Gandhi’ye göre Hindistan’da eğitim köktenci olmalıydı
ve bu, köylerden başlayarak proğramlanmalıydı. Tagore’un
okulu da bu genel projenin bir örnek ürünü idi. Tagore
bir süre sonra Shantiniketan köyü yeniden yapılanma
proğramını Dr. Elmhirst ile birlikte yürüterek, Batı
ile Doğu kültürlerini ayn çatı altında yaşatmayı, Gandhi’nin
de isteği üzerine denedi. Tagore yeniden kişisel
çalışmalarında yoğunlaşmıştı. Henüz 17 yaşındayken öğretim
için gittiği İngiltere’de ve diğer Batı Ülkeleri’nde artık
kitaplarıyla tanınıyordu. Batı, sanki Doğu’yu yeniden
keşfetmiş gibi yoğun biçimde Tagore okuyor, kitapları
onlarca baskı yapıyordu. Şair Yeats, Tagore’un
şiirlerini çevresine hissettirmeden okumaya çalışmasını, ne
kadar etkilendiğini anlamalarından korkmakla açıklıyordu. Ve
bu şiirlein kuşaklar boyunca, yol boylarında gezginler,
ırmakta kürek çekenler ve nice insanlar tarafından
okunacakları övgüsünü dile getiriyordu.
Tagore,
1913 yılında Nobel edebiyat ödülünü aldıktan sonra uzun bir
dünya turuna çıktı. Japonya, Amerika, Güney Amerika’yı ve
başka bir çok ülkeyi, dünya halklarının yaşamlarını
gözlemlemek amacıyla gezmeye başladı. Savaş ve Milliyetçilik
karşıtı konuşmasını 1916’da japonya’da yaptı. 1930 yılında
İngiltere’den şöyle seslendi:
‘Avrupa, Asya’daki moral üstünlüğünü tümüyle kaybetti artık.

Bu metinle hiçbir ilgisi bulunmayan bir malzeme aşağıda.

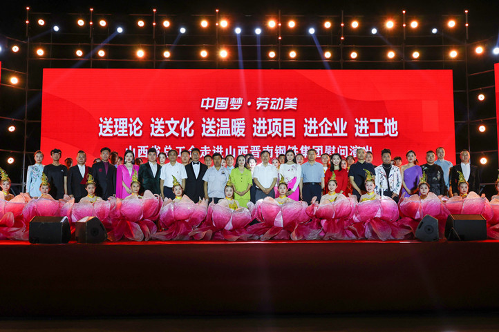 省总工会宣传教育和网络工作部一级调研员郭励新,临汾市人大常委会副主任、市总工会主席郑步电,临汾市总工会党组书记、常务副主席苏文龙,曲沃县委副书记张淑明,曲沃县总工会主席何国庆出席了演出活动;集团党委副书记、总裁张天福,党委委员、生产副总裁武建伟,党委副书记兼总裁办主任赵朋,党委委员、经营副总裁助理李小勇,财务副总监李玉梅,工会主席李明及集团厂处级领导、2024年劳动模范、职工代表等共同观看了演出。
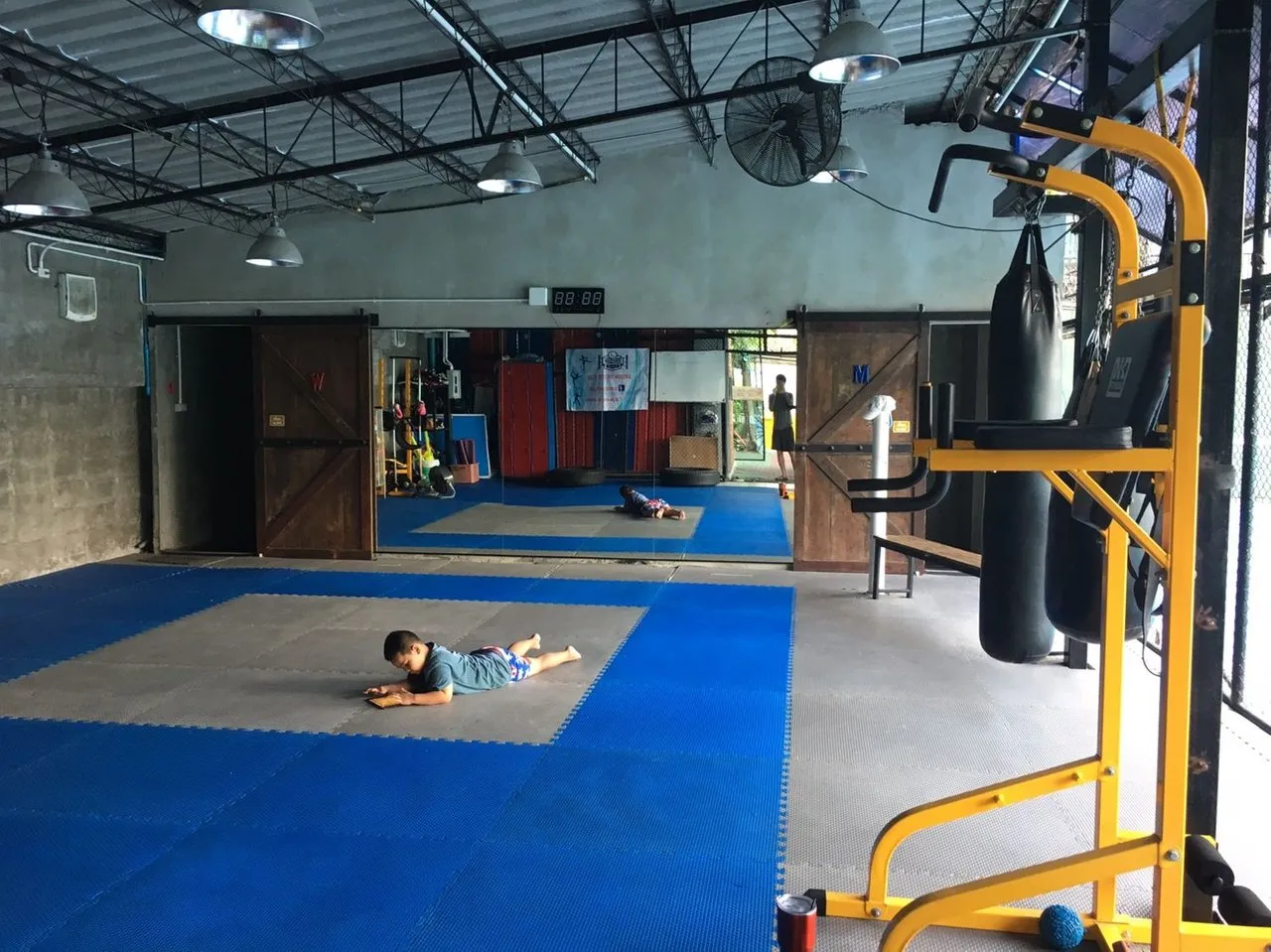 안으로 들어가니 일단 체육관은 맞어. 샌드백 있구, 헤드기어, 글러브, 킥 미트, 기타 운동기구 등등 다 있네. 근데 운동하는 사람은 안보이고 무에타이 꿈나무만 바닥에 엎드려서 핸드폰을 하고 있네...ㅠㅠ 안에서 사진 찍고 기웃기웃 하니까 키가 190cm는 되어 보이는 분이 다가오더라고. 순간 움찔함;;; 태국 분들 보통 키가 나랑 비슷했었는데 갑자기 키 큰 분이 훅 들어와서리 ㅎㅎ 영어 할줄 아냐고 물으니 나보다 더 잘하더라. 머쓱;; ㅋㅋㅋ 혹시 무에타이 배울 수 없냐고 물으니까

Şimdi yüksek ilkeler savunucusu ve adalet şampiyonu olarak
değil de Batı ırkının üstünlüğünün koruyucusu ve sınırları
dışındaki dünyanın sömürücüsü olarak görülüyor. Bu, Avrupa
için, büyük bir ahlaki yenilgidir. Asya, fiziki olarak
güçsüz ve yaşamsal çıkarları tehlikeye girdiğinde kendisini
saldırıdan koruyamayacak durumda olduğu halde şimdi Avrupa’ya
küçümseyerek bakabilmektedir.’
Tagore,
Gandhi’nin yanında siyasal yaşama hep katılmaya çalışmış,
sık sık da bağnazlıklardan dolayı kendisini çekmek durumunda
kalmıştır. Batı dünyasına açıklığı, İngilizler’e karşı
çıkmayacak ve giderek onları sevecek ölçüde idi. Ancak, 1915
yılında kendisine verilen ‘Sir’ ünvanını hoşgörüyle
kabul eden Tagore, 1919’da Pencap’ta çok sayıda
suçsuz Hintliler’in katledilmesi üzerine, bir Protesto
mektubu ile birlikte unvanını İngiltere Kralına geri verdi.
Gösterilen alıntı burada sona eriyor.